🔓 Li-Young Lee

Leia os poemas traduzidos "Você deve cantar", "Versões em fúria (nº 7)", "Travesseiro", "Natividade" e "Espelho noturno"
Li-Young Lee, poeta americano
01/01/2023

Tradução e seleção: André Caramuru Aubert

You must sing

He sings on his father’s arms, sings his father
to sleep, all the while seeing how on that face
grown suddenly strange, wasting to shadow,
time moves. Stern time. Sweet time. Because his father

asked, he sings; because they are wholly lost.
How else, in immaculate noon, will each find
each, who are so close now? So close and lost.
His voice stands at windows, runs everywhere.

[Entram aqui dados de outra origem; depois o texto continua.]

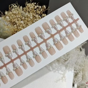 穿戴甲30片整条T099贝母螺纹中梯手工温柔裸色系珍珠钻百搭假指甲

Was death giant? O, how will he find his
father? They are so close. Was death a guest?
By which door did it come? All the day’s doors
are closed. He must go out of those hours, that house,

the enfolding limbs, go burdened to learn:
you must sing to be found; when found, you must sing.

Você deve cantar

Ele canta nos braços do pai, canta para levar o pai
ao sono, observando, naquele rosto,
algo estranho a crescer, e jogado no lixo das sombras,
o tempo corre. Tempo severo. Tempo doce. Porque seu pai

pediu, ele canta; porque estão totalmente perdidos.
De que maneira, no imaculado meio-dia, um encontrará
o outro, eles que são tão próximos? Tão próximos e perdidos.
Sua voz, nas janelas, avança em todas as direções.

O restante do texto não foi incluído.